The following code block checks the Bedrock server for the Spreadsheet Opal.  This Opal is used to load .csv, .xls, and other such files into a Bedrock matrix format.  The code below calls the Bedrock `/dataloaders/ingest` endpoint to check if the `opals.spreadsheet.Spreadsheet.Spreadsheet` opal is installed.

If the code below shows the Opal is not installed, there are two options:
1. If you are running a local Bedrock or are the administrator of the Bedrock server, install the Spreadsheet Opal with pip on the server [Spreadsheet](https://github.com/Bedrock-py/opal-dataloader-ingest-spreadsheet)
2. If you are not administrator of the Bedrock server, e-mail the Bedrock administrator requesting the Opal be installed

In [None]:
resp = api.get("dataloader","ingest")
dataloader_opals = resp.json()
spreadsheet_opals = filter(lambda opal: opal['ingest_id'] == 'opals.spreadsheet.Spreadsheet.Spreadsheet', dataloader_opals)
if next(spreadsheet_opals,'None') != 'None':
    print("Spreadsheet Opal Installed!")
else:
    print("Spreadsheet Opal Not Installed!")

### Check for logit2 Opal

The following code block checks the Bedrock server for the logit2 Opal. 

If the code below shows the Opal is not installed, there are two options:
1. If you are running a local Bedrock or are the administrator of the Bedrock server, install the logit2 Opal with pip on the server [logit2]()
2. If you are not administrator of the Bedrock server, e-mail the Bedrock administrator requesting the Opal be installed

In [None]:
resp = api.get("analytics","analytics")
analytic_opals = resp.json()
logit2_opals = filter(lambda opal: opal['analytic_id'] == 'opals.logit2.Logit2.Logit2', analytic_opals)
if next(logit2_opals,'None') != 'None':
    print("Logit2 Opal Installed!")
else:
    print("Logit2 Opal Not Installed!")

### Check for select-from-dataframe Opal

The following code block checks the Bedrock server for the select-from-dataframe Opal. This allows you to filter by row and reduce the columns in a dataframe loaded by the server. 

If the code below shows the Opal is not installed, there are two options:
1. If you are running a local Bedrock or are the administrator of the Bedrock server, install the select-from-datafram Opal with pip on the server [select-from-dataframe](https://github.com/Bedrock-py/opal-analytics-select-from-dataframe)
2. If you are not administrator of the Bedrock server, e-mail the Bedrock administrator requesting the Opal be installed

In [None]:
resp = api.get("analytics","analytics")
analytic_opals = resp.json()
select_from_dataframe_opals = filter(lambda opal: opal['analytic_id'].startswith('opals.select-from-dataframe'), analytic_opals)
if next(select_from_dataframe_opals,'None') != 'None':
    print("Select-from-dataframe Opal Installed!")
else:
    print("Select-from-dataframe Opal Not Installed!")

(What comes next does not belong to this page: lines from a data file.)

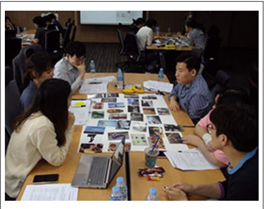
프로그램 소개 청년 참여

Q. 이번 프로그램의 주요 내용은 무엇인가요? A. 이번 프로그램은 크게 3가지 주제로 구성되어 있습니다. 첫째, 창업 관련 내용은 '청년창업의 이해'와 '투자 유치 전략'을 포함합니다. 둘째, 취업 관련 내용은 '취업 트렌드 분석'과 '자기소개서 작성법'을 다룹니다. 셋째, 문화 및 스포츠 관련 내용은 '지역 문화 탐방'과 '스포츠 마케팅'을 포함합니다.
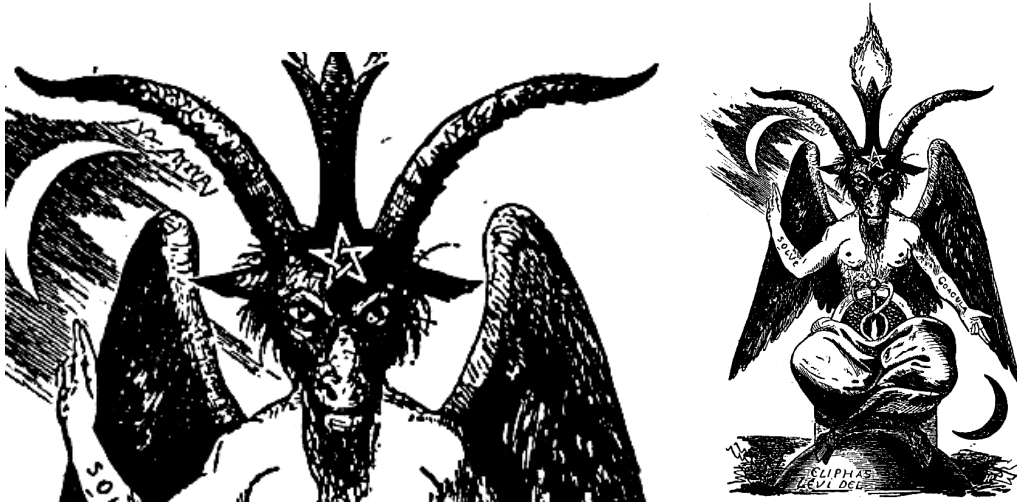
(Baphomet [satanische Wesenheit mit Ziegenkopf ] von Eliphas Levi (Abbildung in seinem Werk „Dogme et Rituel de la Haute Magie“ [1854])

Über die Insel Giglio heißt es 9 : Der Name „Giglio“ ist eine Verballhornung des lateinischen „Aegilium“ 10 , das sich seinerseits vom griechischen aix, aigos , die Ziege, ableitet: es ist also („zufällig“) die Insel der Ziegen 11 ... (s.u.).
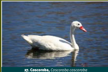
27. Coscoroba, Coscoroba coscoroba
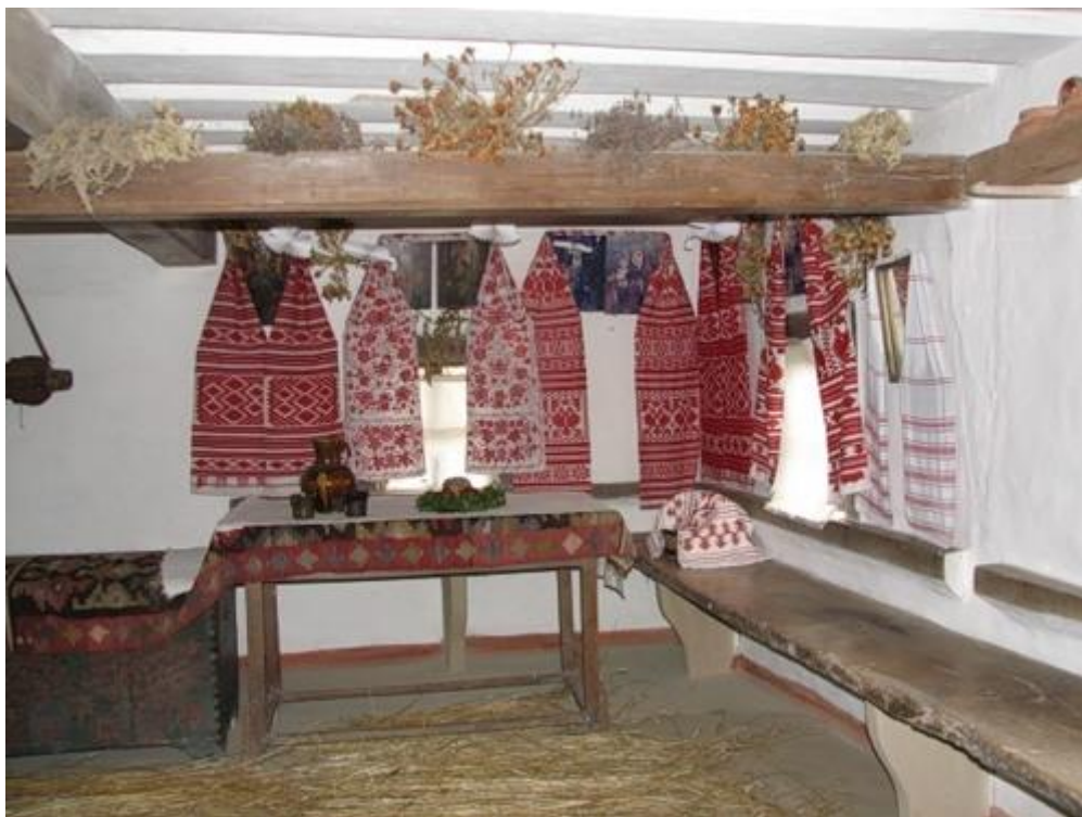
Рис. 3.3. Оздоблення помешкання українськими рушниками

V. Закріплення нового матеріалу. Обговорення з учнями вищевикладеного навчального матеріалу, обмін думками та враженнями після перегляду навчального фільму та майстер-класу. Підготовка до практичної роботи.

## Step 2: Upload Data to Bedrock and Create Matrix

Now that everything is installed, begin the workflow by uploading the csv data and creating a matrix.  To understand this fully, it is useful to understand how a data loading workflow occurs in Bedrock.

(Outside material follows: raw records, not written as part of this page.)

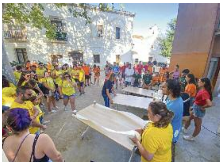
Una de les proves de la competició de colles.

Els que també van passar una bona estona van ser els espectadors del monòleg de Pep Plaza, el dia 10 a les vuit del vespre a l'Envelat. Gairebé en paral·lel, al pati del Carrencà va tenir lloc el concert de Rumba
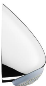
De Melker douchekop
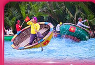
ส่องเรือกระดัง หมู่บ้านกิมทาน
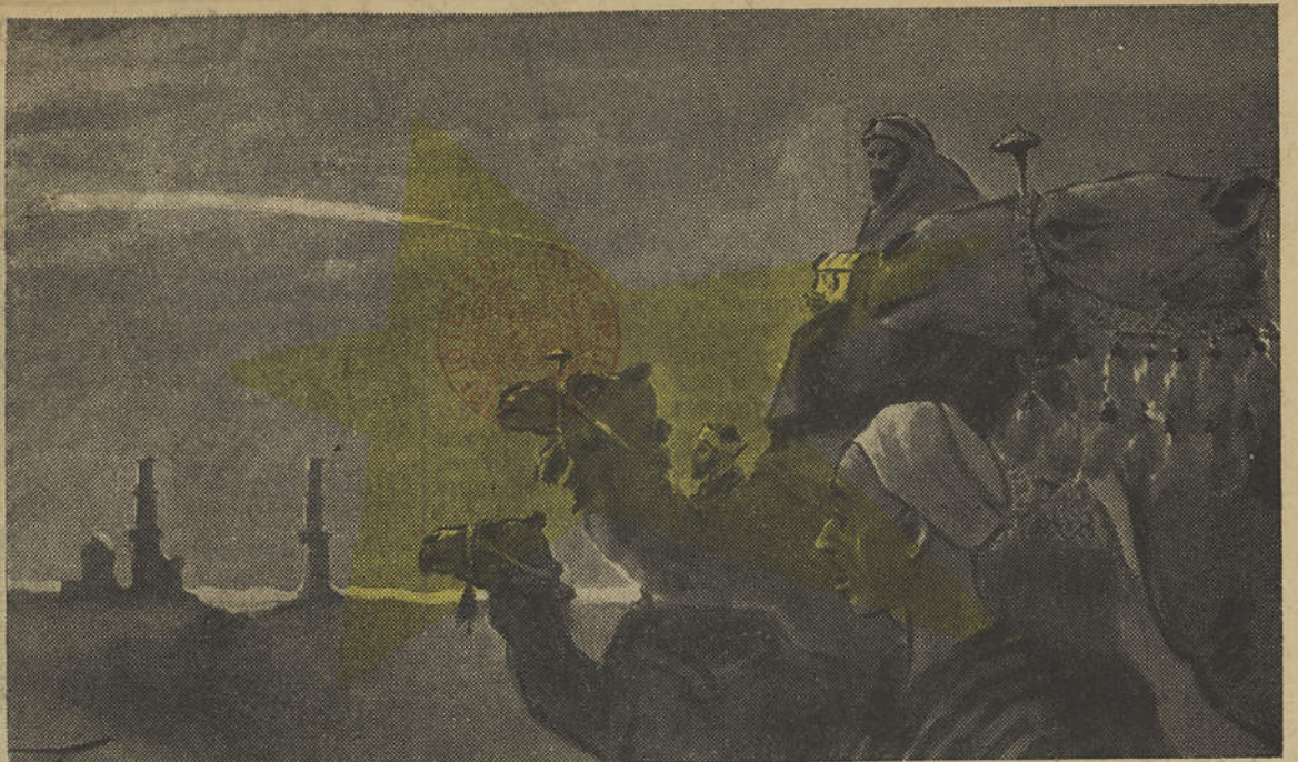
LEGENDA ETERNA DE UM NATAL ETERNO: OS REIS MAGOS

REDACÇÃO E ADMINISTRAÇÃO - RUA MINISTRO DUARTE PACHECO, 9 TELEFONE 59 - VILA REAL DE SANTO ANTÓNIO COMPOSIÇÃO E IMPRESSÃO - TIPOGRAFIA SOCORRO VILA REAL DE SANTO ANTÓNIO
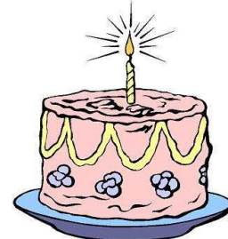
Kuchenbuffet, sowie Tee und Kaffee am Sa und So

1. Create a datasource that points to the original source file
2. Generate a matrix from the data source (filters can be applied during this step to pre-filter the data source on load
3. Analytics work on the generated matrix

** Note: Each time a matrix is generated from a data source it will create a new copy with a new UUID to represent that matrix **

### Check for csv file locally

The following code opens the file and prints out the first part.  The file must be a csv file with a header that has labels for each column.  The file is comma delimited csv.

In [None]:
filepath = 'Rand2011PNAS_cooperation_data.csv'
import csv
with open(filepath,'r') as f:
    print(f.readlines(1000))

### Now Upload the source file to the Bedrock Server

This code block uses the Spreadsheet ingest module to upload the source file to Bedrock.  ** Note: This simply copies the file to the server, but does not create a Bedrock Matrix format **

If the following fails to upload. Check that the csv file is in the correct comma delimited format with headers.

In [None]:
ingest_id = 'opals.spreadsheet.Spreadsheet.Spreadsheet'
resp = api.put_source('Rand2011', ingest_id, 'default', {'file': open(filepath, "rb")})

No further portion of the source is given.